Priory Tunnel Reference, 1911

In July 1911, somebody or some organisation called “T.C.F.B” drafted a sketch which appeared in the Evening Times about Bothwell Castle and Blantyre Priory. I don’t have that sketch, but there is a good account of what he wrote as transcribed here as follows:

“Tradition has it that there is a secret passage between the Priory and Bothwell Castle below the bed of the River Clyde, along which the monks of old were often called to afford ghostly consolation to the warrior on his death bed. It must have been an eerie journey through this darksome passage, where the drip of the water formed a dreary accompaniment to the hollow echoes the monkish step.”

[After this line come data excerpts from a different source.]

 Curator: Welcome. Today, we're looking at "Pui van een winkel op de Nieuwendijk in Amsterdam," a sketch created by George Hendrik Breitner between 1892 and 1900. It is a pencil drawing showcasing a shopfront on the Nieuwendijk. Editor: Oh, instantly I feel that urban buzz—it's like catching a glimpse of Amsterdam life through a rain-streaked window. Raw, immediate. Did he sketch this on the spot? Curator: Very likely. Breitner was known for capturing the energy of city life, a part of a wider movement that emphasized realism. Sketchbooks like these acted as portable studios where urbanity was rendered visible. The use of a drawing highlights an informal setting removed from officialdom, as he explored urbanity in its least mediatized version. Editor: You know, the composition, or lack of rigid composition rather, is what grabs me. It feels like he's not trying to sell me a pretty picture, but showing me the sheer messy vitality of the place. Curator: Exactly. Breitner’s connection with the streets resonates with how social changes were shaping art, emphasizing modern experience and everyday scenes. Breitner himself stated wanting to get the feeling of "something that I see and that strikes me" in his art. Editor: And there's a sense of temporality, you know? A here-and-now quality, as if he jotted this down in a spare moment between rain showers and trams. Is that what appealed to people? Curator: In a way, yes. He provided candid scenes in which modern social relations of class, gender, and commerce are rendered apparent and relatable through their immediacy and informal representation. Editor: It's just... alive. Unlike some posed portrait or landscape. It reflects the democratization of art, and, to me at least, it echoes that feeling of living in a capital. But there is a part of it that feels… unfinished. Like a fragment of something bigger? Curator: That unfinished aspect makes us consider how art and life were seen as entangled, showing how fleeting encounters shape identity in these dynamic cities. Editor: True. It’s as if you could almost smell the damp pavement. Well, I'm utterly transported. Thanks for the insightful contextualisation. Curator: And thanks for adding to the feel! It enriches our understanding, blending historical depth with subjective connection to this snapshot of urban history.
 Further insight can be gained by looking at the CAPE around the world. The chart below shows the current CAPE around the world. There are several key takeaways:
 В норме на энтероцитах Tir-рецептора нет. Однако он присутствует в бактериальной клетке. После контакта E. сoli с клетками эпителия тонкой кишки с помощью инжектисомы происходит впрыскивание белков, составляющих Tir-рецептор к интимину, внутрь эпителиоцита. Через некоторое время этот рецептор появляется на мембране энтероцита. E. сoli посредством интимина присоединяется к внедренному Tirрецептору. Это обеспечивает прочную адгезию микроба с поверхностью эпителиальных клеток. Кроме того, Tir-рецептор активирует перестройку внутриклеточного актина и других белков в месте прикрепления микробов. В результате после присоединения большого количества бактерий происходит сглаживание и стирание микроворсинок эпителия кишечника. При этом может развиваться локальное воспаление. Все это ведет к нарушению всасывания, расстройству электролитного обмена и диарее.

“Priory and the passage are now mere phantoms of their former selves. Wild flowers bloom on the Worn [Priory] walls, and grey stems of ivy have sapped right through the crumbling masonry. It is a quiet spot today, a veritable haunt for ancient peace. Rest and calm now brood over the rude dwellingplace of the monk, and the stones which he hewed and fitted are seared and worn by the storms of centuries. It is worthy a day’s wayfaring to gaze upon the grey ruins, and his must be a dull soul who, when the sun sinks to sleep in the golden west and the gloaming creeps over the scene, cannot people the old Priory with shadowy figures and shapes of who are lost in the purple mists and the dusk of centuries gone.”

Upon reading this, I realised the sun doesn’t set on the Priory anymore now that there’s a woodland sprung up around the ruin. To see the evening sun dance off the masonry must have been quite a sight! PIctured in a time even earlier than this account is our town’s oldest building, Blantyre Priory.